[Opening Dataset section section]

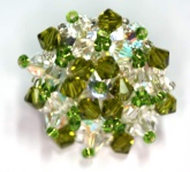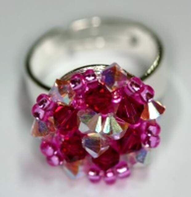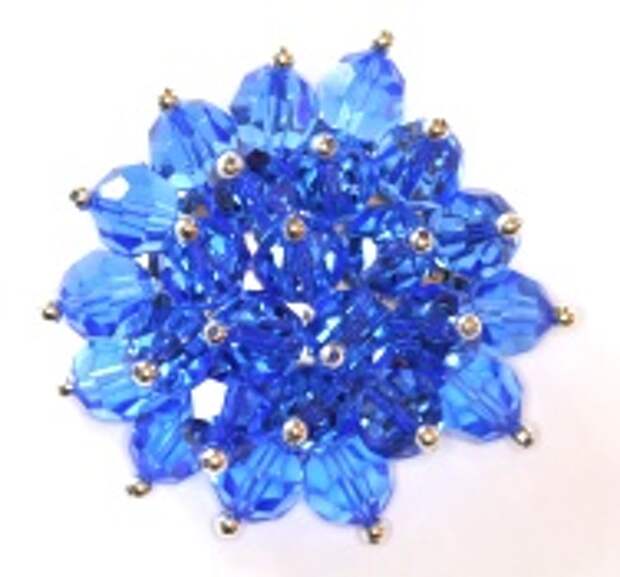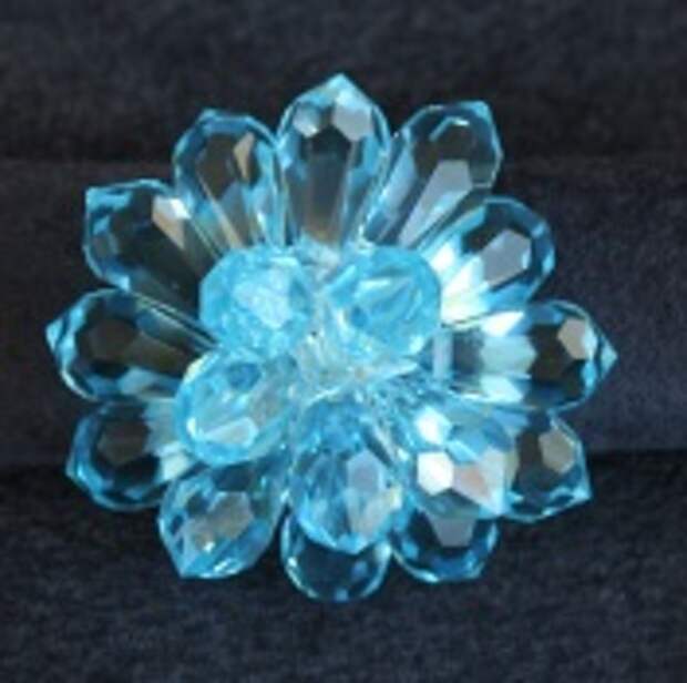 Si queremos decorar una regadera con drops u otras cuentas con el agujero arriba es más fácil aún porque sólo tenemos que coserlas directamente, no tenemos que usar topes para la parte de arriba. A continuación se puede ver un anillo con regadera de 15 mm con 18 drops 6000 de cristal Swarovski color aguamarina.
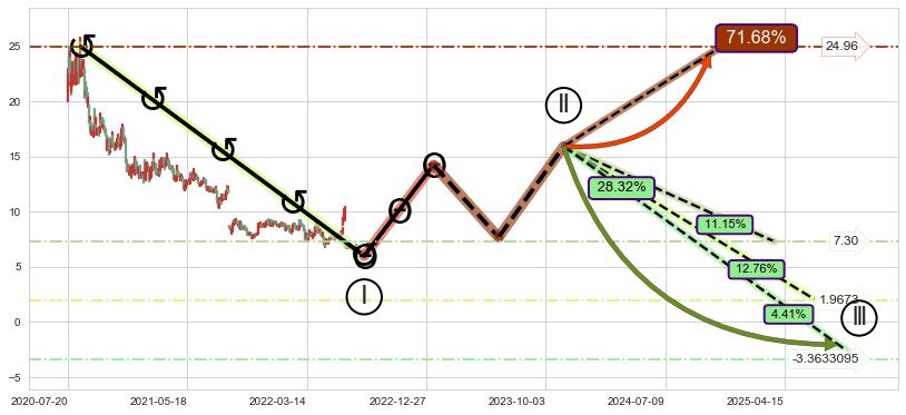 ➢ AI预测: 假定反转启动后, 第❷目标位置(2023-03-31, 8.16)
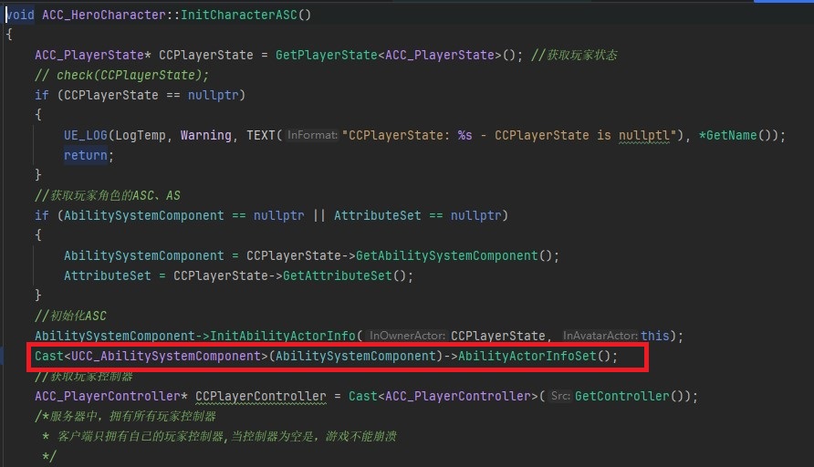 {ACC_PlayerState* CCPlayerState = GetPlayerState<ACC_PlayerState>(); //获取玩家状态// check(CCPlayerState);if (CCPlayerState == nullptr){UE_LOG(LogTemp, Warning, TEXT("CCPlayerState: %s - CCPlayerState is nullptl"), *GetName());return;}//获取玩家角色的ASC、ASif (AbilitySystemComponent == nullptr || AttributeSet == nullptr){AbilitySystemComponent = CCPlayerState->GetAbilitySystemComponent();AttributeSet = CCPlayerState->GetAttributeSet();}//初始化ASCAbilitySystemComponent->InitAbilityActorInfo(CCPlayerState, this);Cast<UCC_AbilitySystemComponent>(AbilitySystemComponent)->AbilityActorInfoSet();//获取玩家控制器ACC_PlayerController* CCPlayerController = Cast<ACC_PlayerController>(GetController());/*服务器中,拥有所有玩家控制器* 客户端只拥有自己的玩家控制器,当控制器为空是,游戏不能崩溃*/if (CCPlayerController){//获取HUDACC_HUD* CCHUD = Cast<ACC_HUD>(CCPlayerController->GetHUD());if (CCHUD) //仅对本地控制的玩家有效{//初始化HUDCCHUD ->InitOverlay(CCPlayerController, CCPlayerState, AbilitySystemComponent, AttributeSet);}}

[Closing Dataset section section]

_Exercise requirements_
Beginning with the line that contains "假定反转启动后, 第❷目标位置(2023-03-31, 8.16)" and ending with the last line of the data, transcribe each line exactly; pictures stay out.

_Reply to the task_
 ➢ AI预测: 假定反转启动后, 第❷目标位置(2023-03-31, 8.16)
 {ACC_PlayerState* CCPlayerState = GetPlayerState<ACC_PlayerState>(); //获取玩家状态// check(CCPlayerState);if (CCPlayerState == nullptr){UE_LOG(LogTemp, Warning, TEXT("CCPlayerState: %s - CCPlayerState is nullptl"), *GetName());return;}//获取玩家角色的ASC、ASif (AbilitySystemComponent == nullptr || AttributeSet == nullptr){AbilitySystemComponent = CCPlayerState->GetAbilitySystemComponent();AttributeSet = CCPlayerState->GetAttributeSet();}//初始化ASCAbilitySystemComponent->InitAbilityActorInfo(CCPlayerState, this);Cast<UCC_AbilitySystemComponent>(AbilitySystemComponent)->AbilityActorInfoSet();//获取玩家控制器ACC_PlayerController* CCPlayerController = Cast<ACC_PlayerController>(GetController());/*服务器中,拥有所有玩家控制器* 客户端只拥有自己的玩家控制器,当控制器为空是,游戏不能崩溃*/if (CCPlayerController){//获取HUDACC_HUD* CCHUD = Cast<ACC_HUD>(CCPlayerController->GetHUD());if (CCHUD) //仅对本地控制的玩家有效{//初始化HUDCCHUD ->InitOverlay(CCPlayerController, CCPlayerState, AbilitySystemComponent, AttributeSet);}}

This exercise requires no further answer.